Algebra Craze 3

Let $|m| > \sqrt{2}$ .

$\begin{aligned} x+y &=& mX - 1 \\ xy &=& \dfrac{1}{2}((m^2 - 1)X^2 - mX - 2) \end{aligned}$

$\implies$

$\begin{aligned} (x+y)^2 &=& m^2X^2 - 2mX + 1\\ 2xy &=& (m^2 - 1)X^2 - mX - 2 \end{aligned}$

$\implies (x + y)^2 - 2xy = x^2 + y^2 = X^2 - mX + 3$ .

$x = \dfrac{(m^2 - 1)X^2 - mX - 2}{2y} \implies 2y^2 - 2(mX - 1)y + ((m^2 - 1)^2 - mX - 2) = 0$ which has real value solutions whenever the discriminant $D = 20 - (4m^2 - 8)X^2 \geq 0 \implies |X|^2 \leq \dfrac{5}{m^2 - 2} \implies |X| \leq \sqrt{\dfrac{5}{m^2 - 2}} \implies$

$x^2 + y^2 = \dfrac{5}{m^2 - 2} - \sqrt{\dfrac{5}{m^2 - 2}}m + 3 = 3 - \sqrt{\dfrac{5}{m^2 - 1}}m + 1 \implies \dfrac{5}{m^2 - 2} = 1 \implies m = \pm\sqrt{7}$

For $m > \sqrt{2} \implies m = \sqrt{7} \implies x^2 + y^2 = (4 - \sqrt{7})$ and $|X| \leq 1$ .

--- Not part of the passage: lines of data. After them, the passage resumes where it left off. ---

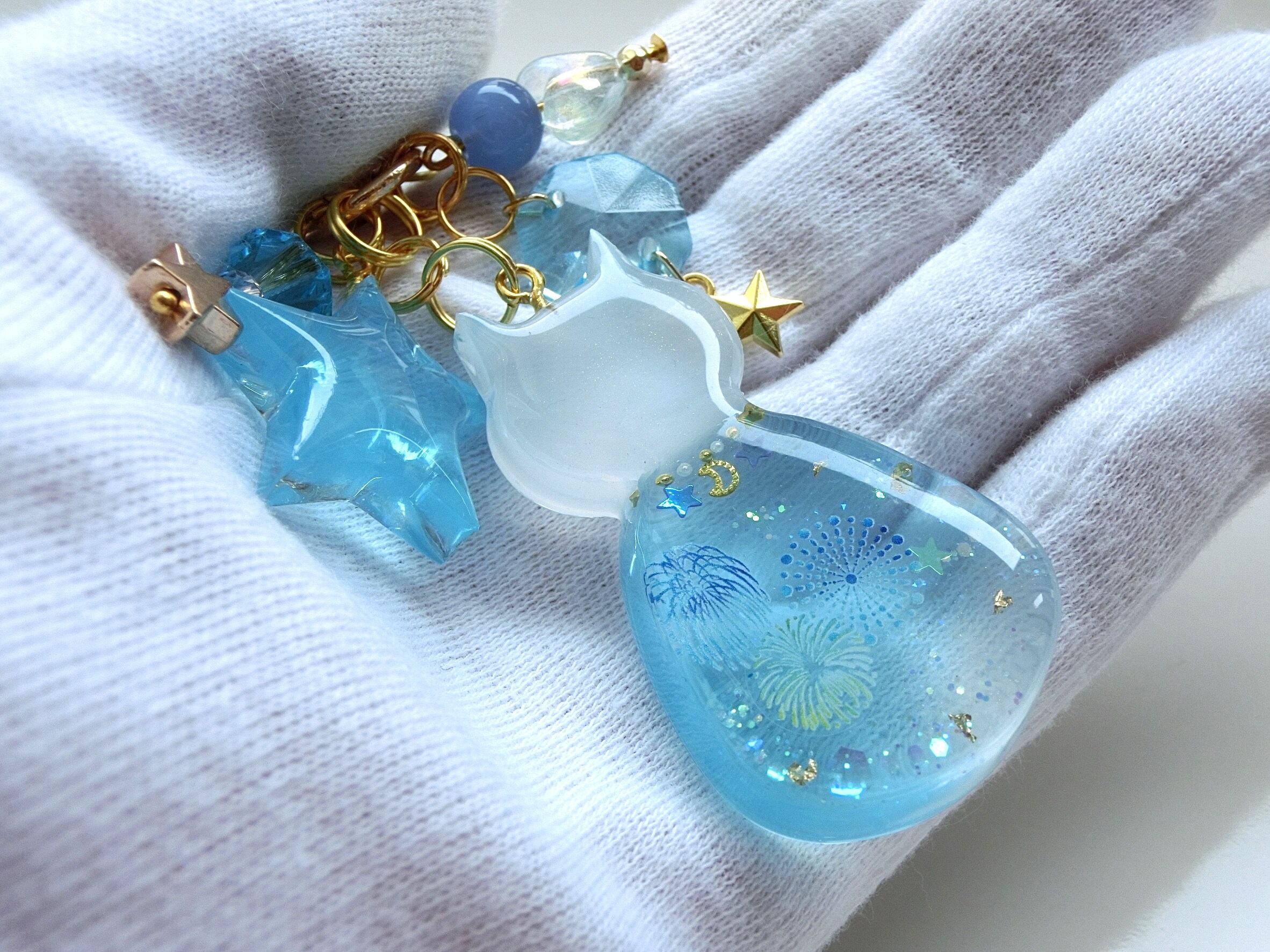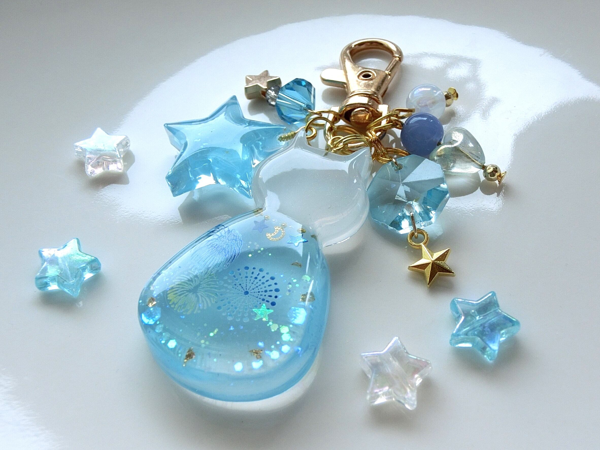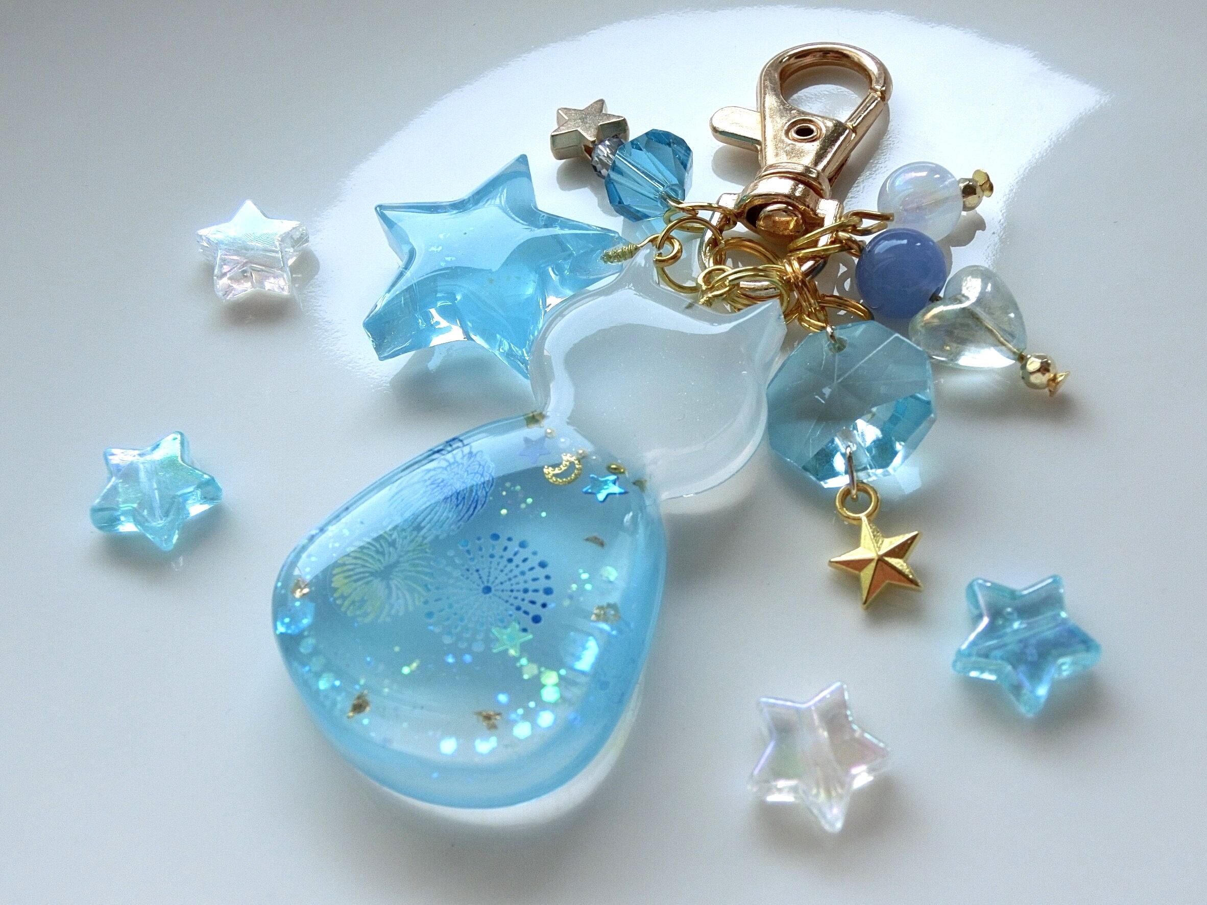 オーロラ色のホログラムやラメを数種類封入し、キラキラ星空に花火が打ち上がる夜空を作りました。
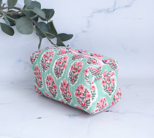 Block Printed Floral Quilted Cotton Makeup Bag - medium
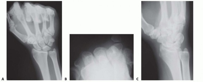 TECH FIG 5 • A. Posteroanterior (PA) wrist radiograph showing ulnar positive variance. B,C. PA and lateral radiographs after ulnar shortening osteotomy. The interfragmentary lag screw compresses the osteotomy site.
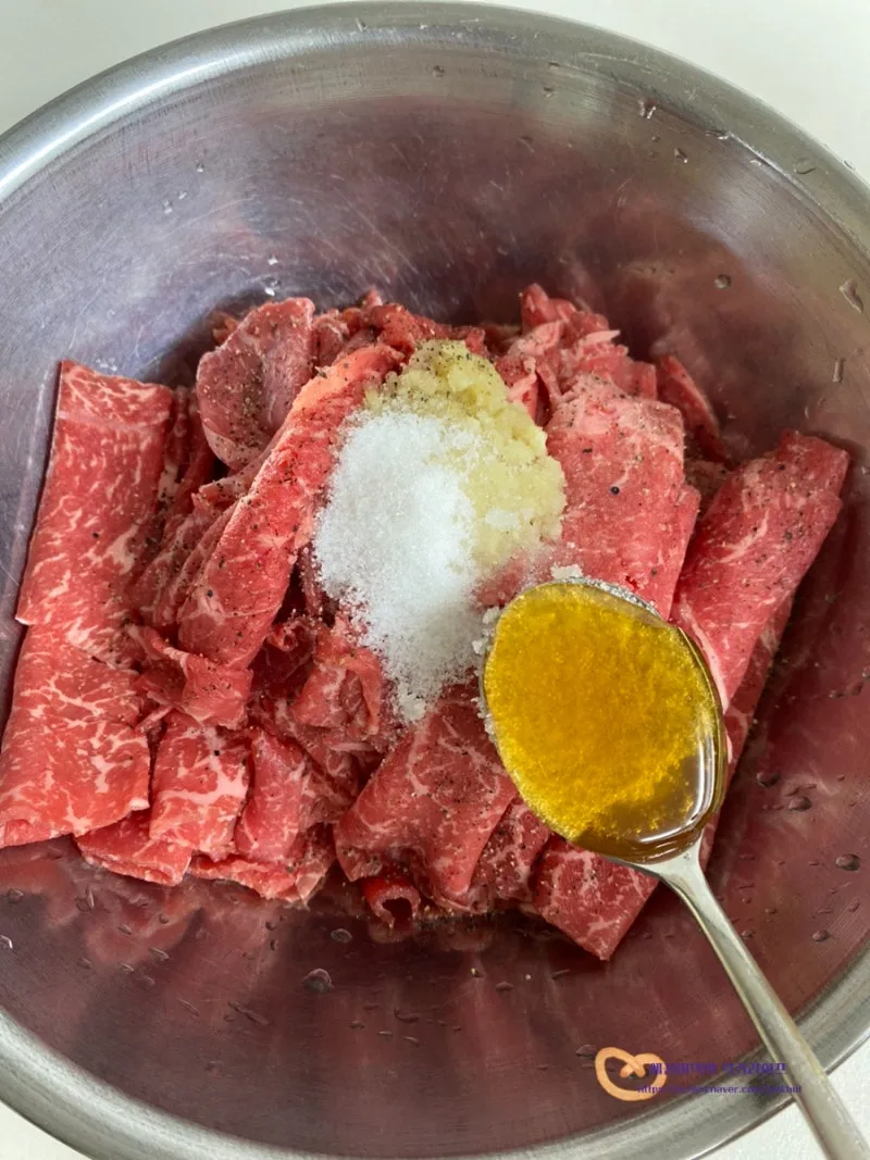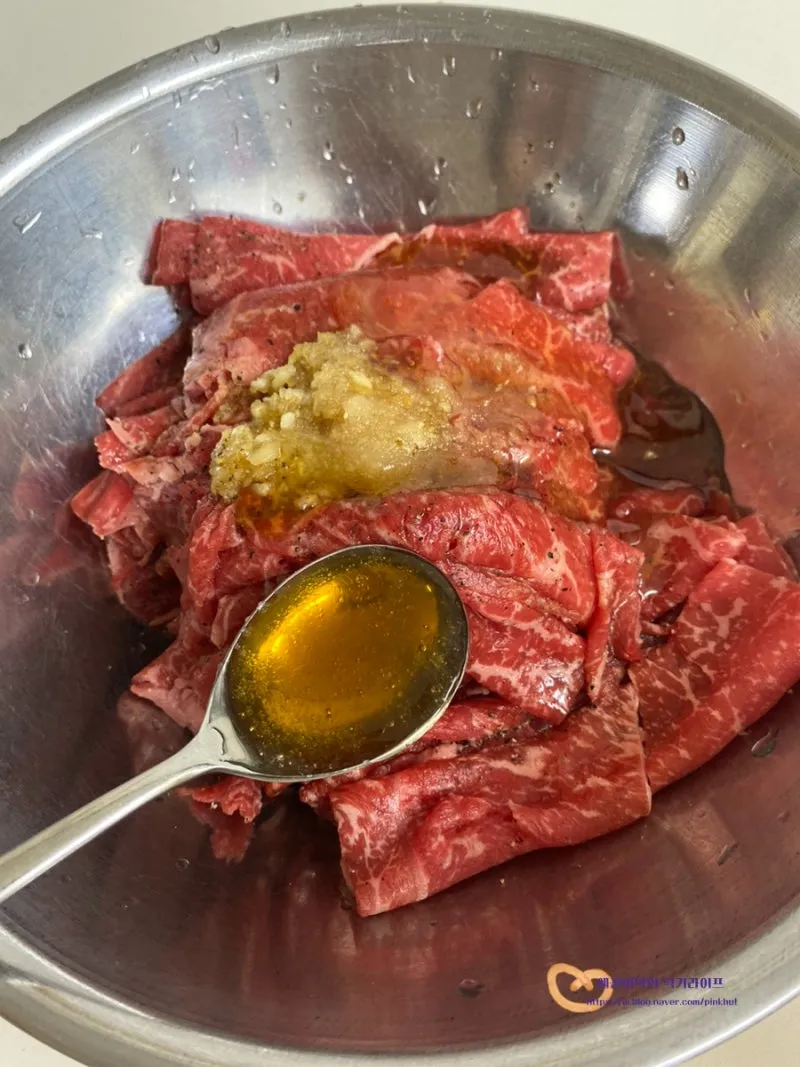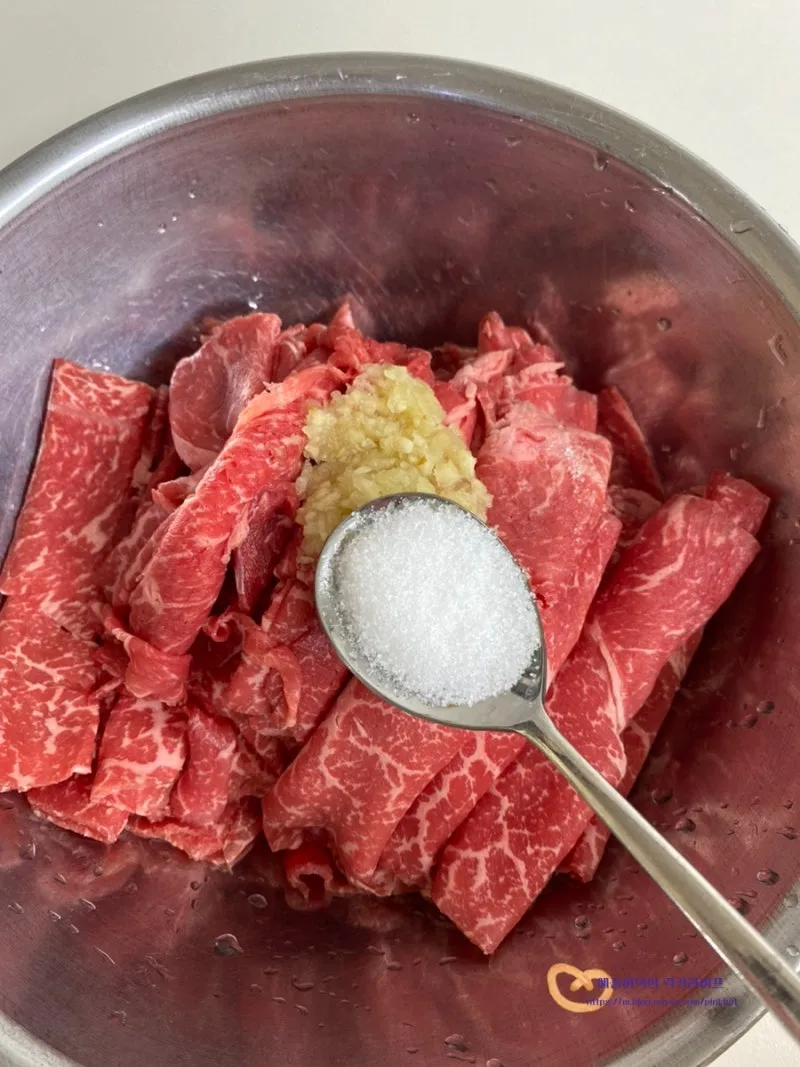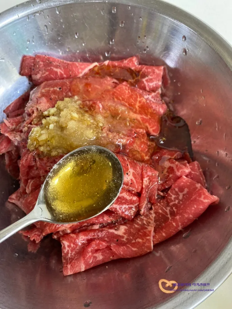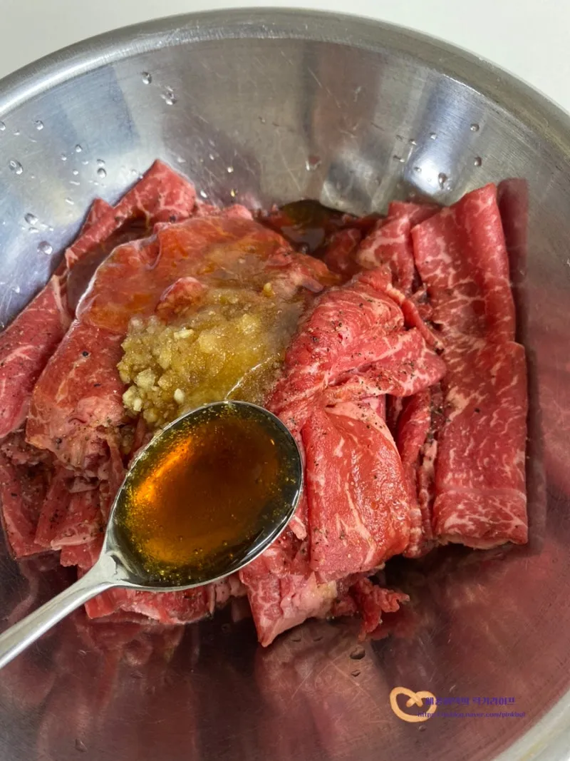 다진마늘 1T, 설탕 2T, 올리고당 3T,

Using $m = \sqrt{7}$ and $X = 1 \implies$

$\begin{aligned} x+y &=& \sqrt{7} - 1 \\ y &=& \dfrac{4 - \sqrt{7}}{2x} \end{aligned}$

$\implies 2x^2 - 2(\sqrt{7} - 1)x + 4 - \sqrt{7} = 0 \implies \boxed{x_{0} = \dfrac{\sqrt{7} - 1}{2} \implies y_{0} = \dfrac{4 - \sqrt{7}}{\sqrt{7} - 1} = \dfrac{\sqrt{7} - 1}{2}}$

and

$y = \dfrac{4 - \sqrt{7}}{2x} \implies \dfrac{dy}{dx}|_{x = \dfrac{\sqrt{7} - 1}{2}} =$ $-\dfrac{4 - \sqrt{7}}{2x^2}|_{x = \dfrac{\sqrt{7} - 1}{2}} = \dfrac{-2(4 - \sqrt{7})}{(\sqrt{7} - 1)^2} =$

$-\dfrac{(4 - \sqrt{7})(\sqrt{7} + 1)}{3(\sqrt{7} - 1)} = \dfrac{-3(\sqrt{7} - 1)}{3(\sqrt{7} - 1)} = -1$

$\implies y - (\dfrac{\sqrt{7} -1}{2}) = -1(x - (\dfrac{\sqrt{7} - 1}{2}) \implies \boxed{x + y = \sqrt{7} - 1}$ .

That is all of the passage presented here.